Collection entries
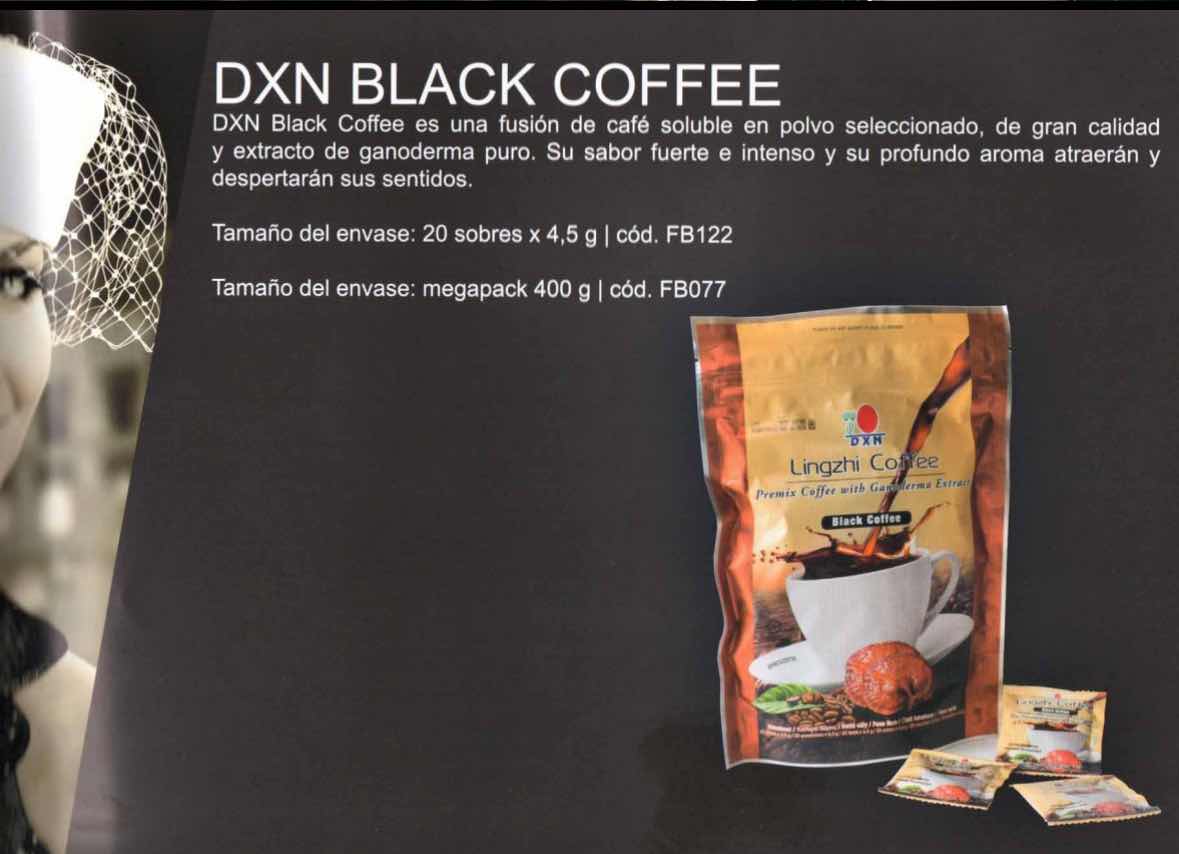DXN Black Coffee es una fusión de café soluble en polvo seleccionado, de gran calidad y extracto de ganoderma puro. Su sabor fuerte e intenso y su profundo aroma atraerán y
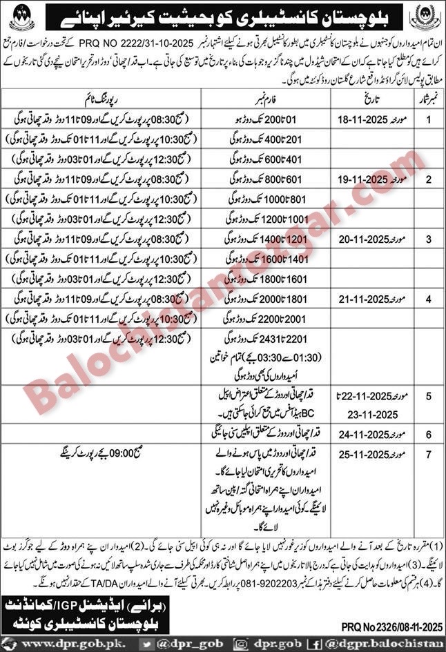 Balochistan Constabulary BC Police Physical and written Test Schedule 2025
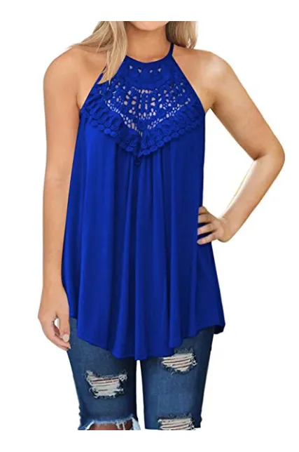 - Features: Sleeveless, Sexy Lace Hollow out design, Flare Hem Tunic, Solid color, Crew Neck, Stretchy and Lightweight, Sexy Neckline
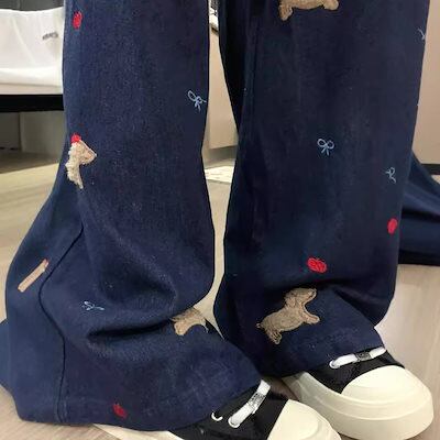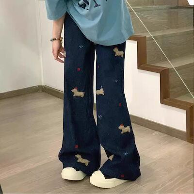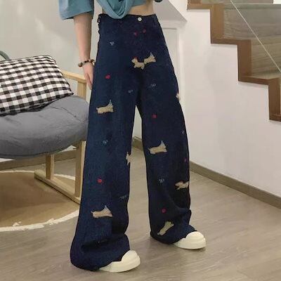 【3日以内出荷】脚長効果!デニムパンツ レトロ クリエイティブ 漫画 ハイウエスト ジーンズ レディース 春と秋 ゆったり ワイドパンツ レジャー 多用途 韓国ファッション
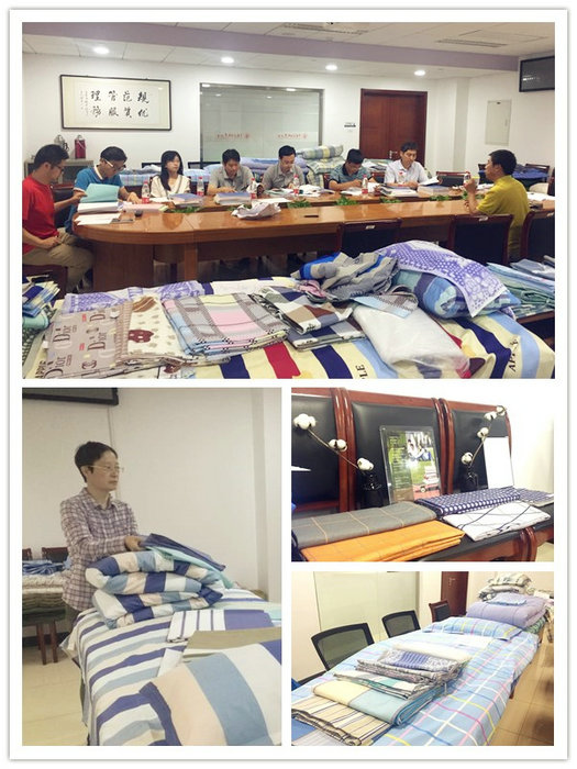 在会上投标企业分别做了产品展示和产品报价。各位标委现场仔细查看投标企业的床上用品布料质量、花色品种等,并根据投标企业的情况进行提问,最终经投票选定两家企业作为学校新生入学床上用品官方指定销售方。2017年迎新期间,新生可通过“后勤微信迎新系统”或到销售现场自愿选择购买。
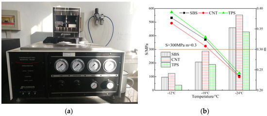 The creep stiffness modulus S and the rate of change m of the stiffness modulus with time were through a bending beam creep test (Figure 7). The greater the stiffness modulus S of the asphalt, the stronger the brittleness of the asphalt, and the higher the susceptibility of the asphalt to cracking and failure. The smaller the S value, the higher the low-temperature flexibility of the asphalt and the higher its low-temperature crack resistance. As the creep rate m of the asphalt increased and the temperature decreased, the shrinkage strain produced by the material reduced the stiffness modulus S of the asphalt, thereby reducing the tensile stress and the possibility of asphalt cracking.
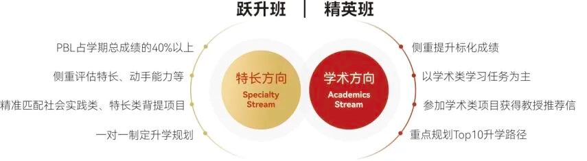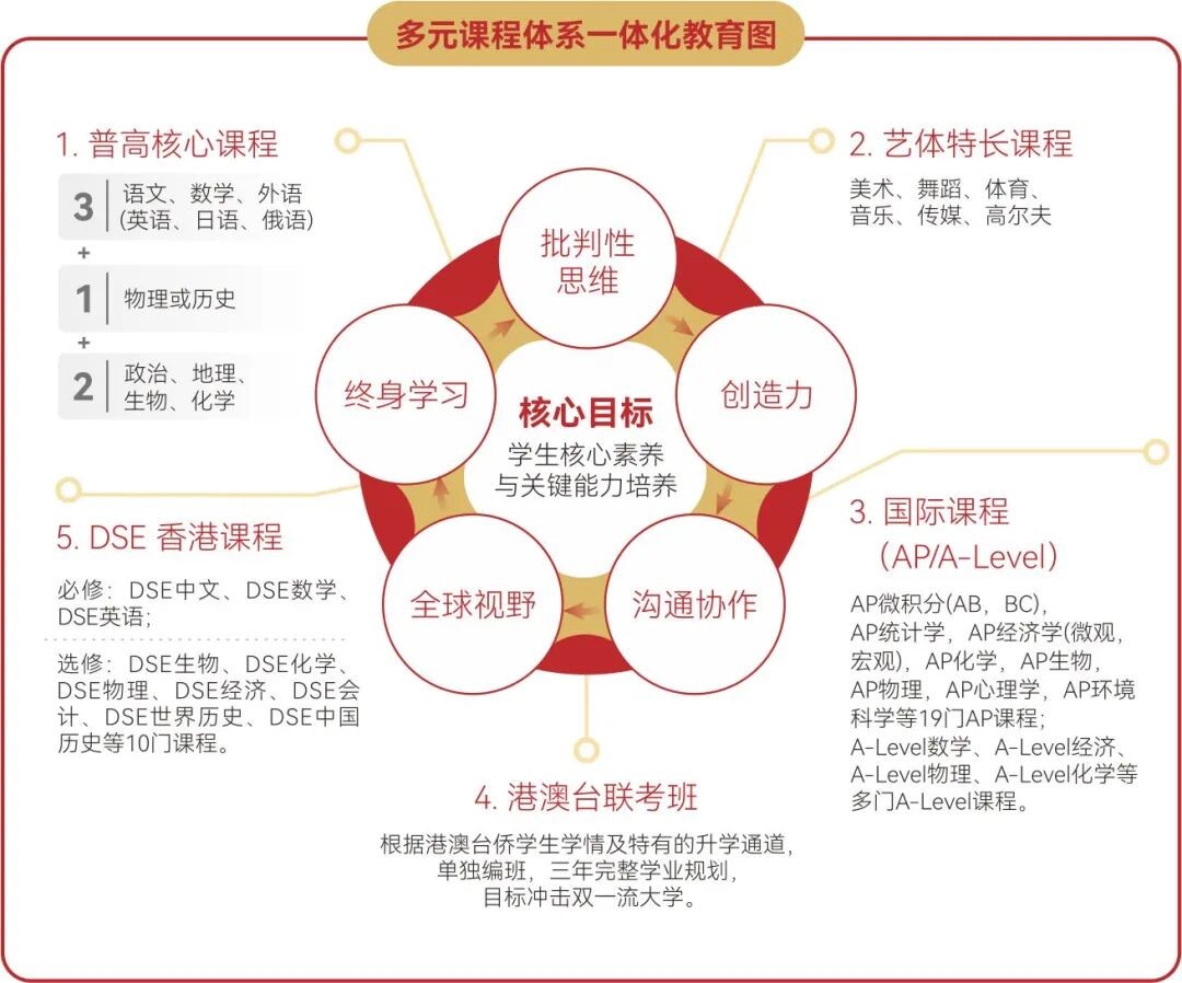 构建"核心素养奠基+多元路径拓展”的人才培养新格局,普高核心课程+港澳台联考班+艺体特长课程+国际课程(AP/A-LEVEL)+香港DSE课程+社团拓展课程的多元课程体系,让学生核心素养和关键能力落地;通过跨学科选课、生涯规划指导、定制个性化学习辅导方案等机制,真正实现"一生一方案,成长不设限”,为学生的个性化成长和多元成才提供精准匹配需求。

◆ INSTRUCTIONS TO FOLLOW:
Leave the pictures out and output the rest of the data word for word.

◆ WRITTEN ANSWER:
DXN Black Coffee es una fusión de café soluble en polvo seleccionado, de gran calidad y extracto de ganoderma puro. Su sabor fuerte e intenso y su profundo aroma atraerán y
 Balochistan Constabulary BC Police Physical and written Test Schedule 2025
 - Features: Sleeveless, Sexy Lace Hollow out design, Flare Hem Tunic, Solid color, Crew Neck, Stretchy and Lightweight, Sexy Neckline
 【3日以内出荷】脚長効果!デニムパンツ レトロ クリエイティブ 漫画 ハイウエスト ジーンズ レディース 春と秋 ゆったり ワイドパンツ レジャー 多用途 韓国ファッション
 在会上投标企业分别做了产品展示和产品报价。各位标委现场仔细查看投标企业的床上用品布料质量、花色品种等,并根据投标企业的情况进行提问,最终经投票选定两家企业作为学校新生入学床上用品官方指定销售方。2017年迎新期间,新生可通过“后勤微信迎新系统”或到销售现场自愿选择购买。
 The creep stiffness modulus S and the rate of change m of the stiffness modulus with time were through a bending beam creep test (Figure 7). The greater the stiffness modulus S of the asphalt, the stronger the brittleness of the asphalt, and the higher the susceptibility of the asphalt to cracking and failure. The smaller the S value, the higher the low-temperature flexibility of the asphalt and the higher its low-temperature crack resistance. As the creep rate m of the asphalt increased and the temperature decreased, the shrinkage strain produced by the material reduced the stiffness modulus S of the asphalt, thereby reducing the tensile stress and the possibility of asphalt cracking.
 构建"核心素养奠基+多元路径拓展”的人才培养新格局,普高核心课程+港澳台联考班+艺体特长课程+国际课程(AP/A-LEVEL)+香港DSE课程+社团拓展课程的多元课程体系,让学生核心素养和关键能力落地;通过跨学科选课、生涯规划指导、定制个性化学习辅导方案等机制,真正实现"一生一方案,成长不设限”,为学生的个性化成长和多元成才提供精准匹配需求。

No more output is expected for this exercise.